As the UK’s low interest rate environment persists, Barclays Stockbrokers reveals that its clients’ appetite for diversifying away from cash to other investments continues, with equities holding the greatest appeal.

The poll¹ asked investors how the ongoing low interest rate environment has influenced their investment decisions. With recent media reports suggesting UK interest rates are unlikely to rise until at least 2015, the survey results reveal nearly 61% of respondents are reacting to the current economic situation by moving away from cash into other investments. This figure comprises 46% of investors who cite a move from cash into equities and 15% who are moving from cash into other investments, for example funds, gilts and bonds.  Additionally, 16% of investors polled are taking the opportunity to review their investment portfolio.  

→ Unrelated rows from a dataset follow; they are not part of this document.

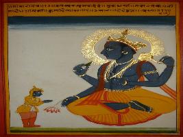 | Description / विवरण | Miniature painting based on Shri Bhagwat Gita. Vishwaroop from of Krishna where Arjun also seen in Namaskara mudra. than Arjun says about Shankh, Chakra, Gada, Padma of Vishnu. |
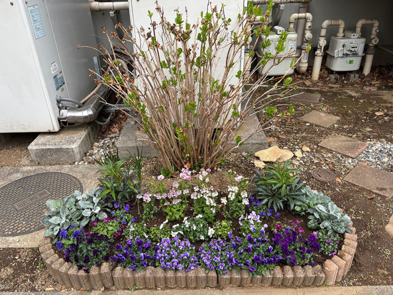 通用門から3番目の小さい花壇です。紫と白を基調にしたビオラの後方にピンクのストックと薄紫のメネシアを配置し、可愛らしさが増しました。後方の紫陽花の芽吹きにも春の到来を感じます。
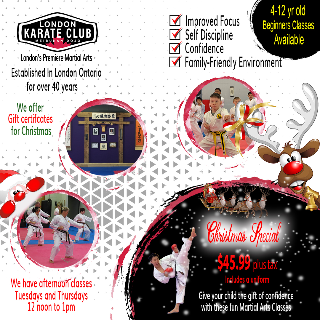 Christmas Special! We offer a 4 Week Beginner Program, 2 classes a week for 4 weeks and includes a uniform. For more information you can email us at info@londonkarateclub.com or call us at 519-777-1837
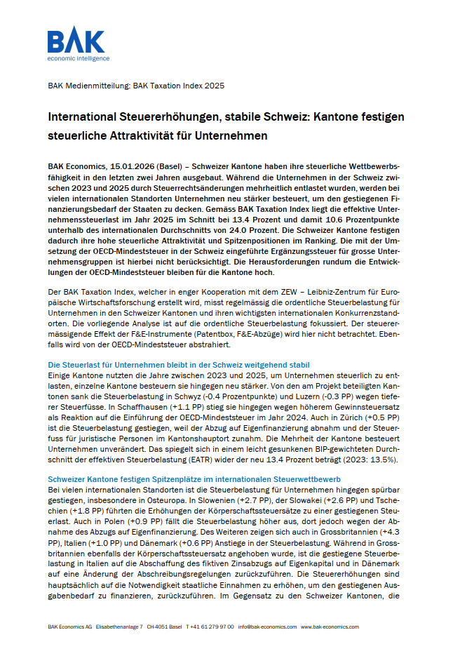 BAK Medienmitteilung: Wirkungsanalyse zum Schweizer…
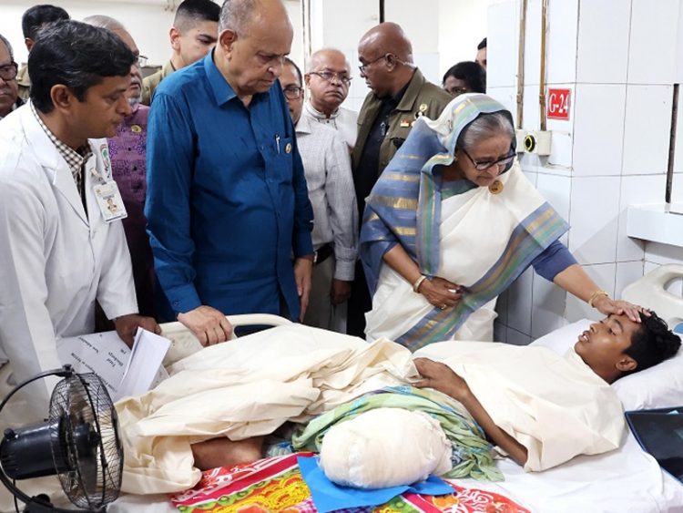 শিক্ষার্থীদের কোটা আন্দোলন ঘিরে সহিসংতায় আহতদের খোঁজ নিতে জাতীয় অর্থোপেডিক হাসপাতাল ও পুনর্বাসন প্রতিষ্ঠান (পঙ্গু হাসপাতাল) পরিদর্শন করেছেন প্রধানমন্ত্রী শেখ হাসিনা।
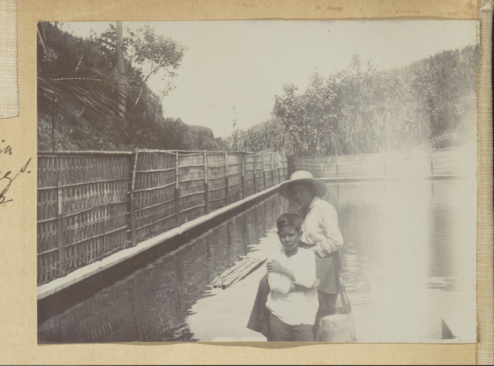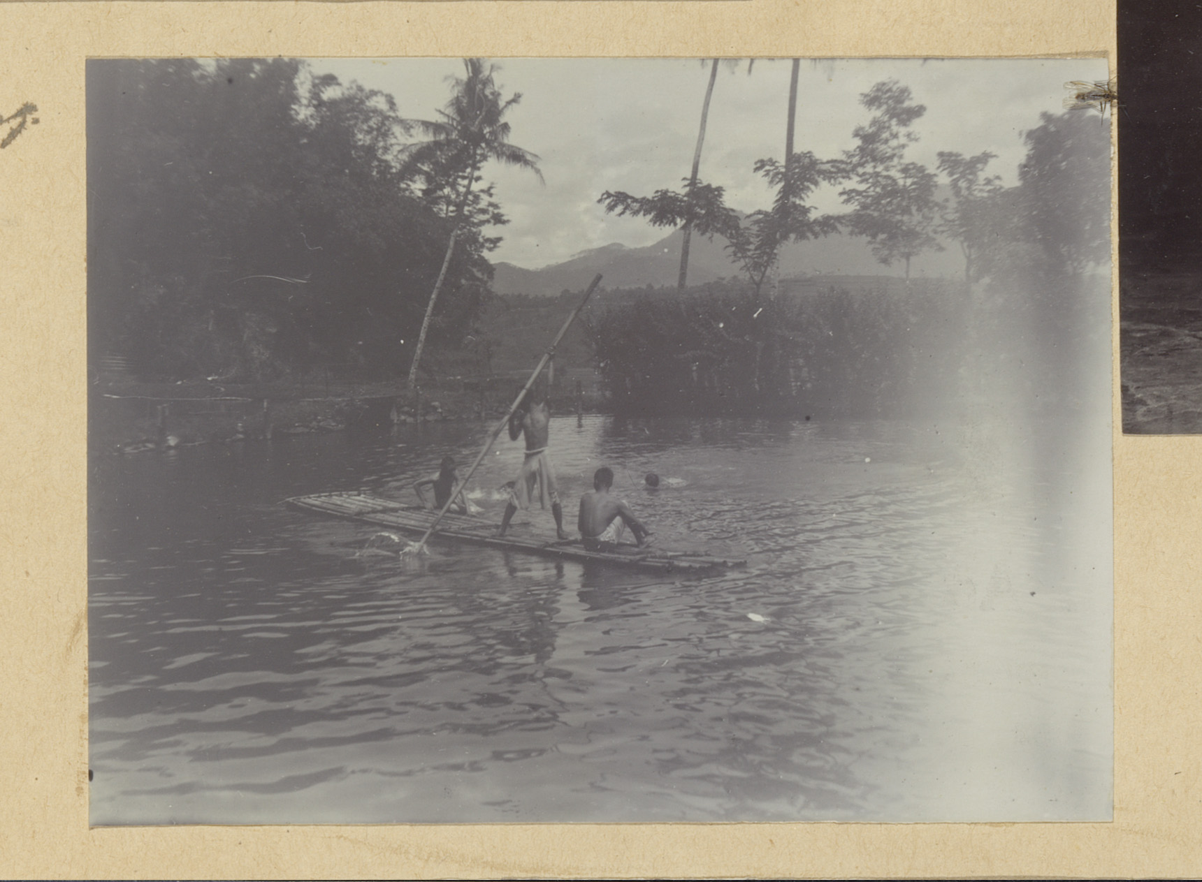 Jongens op een vlot bij Kali Taman in Nederlands-Indië

The survey also highlights that 68% of respondents said they intend to invest their full ISA allowance this year (6th April 2013 to 5th April 2014); with 85% planning to invest in a stocks and shares ISA in the next tax year.  20% of investors have transferred existing Cash ISAs into stocks and shares in search of better returns. 

When asked the reasons for investing in a ‘self-select’ stocks and shares ISA, 86% cite the ability to make their own investment decisions and build a portfolio that suits them as the main driver behind their decision, 27% believe it allows them to react to market movements and an additional 40% expect to receive better returns over the medium to long term.

Catherine Penney, Vice President, Barclays Stockbrokers, said: “In the continuing low interest rate environment it remains difficult to secure the returns from cash that ISA holders are seeking. While of course investors should retain a balanced portfolio that meets their risk profile, our clients are seeking the potential for higher returns from the range of investment opportunities available through Investment ISA. The more buoyant equity markets over the last 12 months have probably encouraged those moving from cash to equities, as well as market events such as the Royal Mail IPO.

“Importantly investors who are prepared to take the risk to their capital should capitalise on their ISA limits, with £11,520 available to invest, before the end of this tax year.”

¹ Barclays Stockbrokers online survey of 1,013 ISA clients - a full breakdown of results available on request.  Fieldwork was carried out between the 30th January and the 11th February 2014.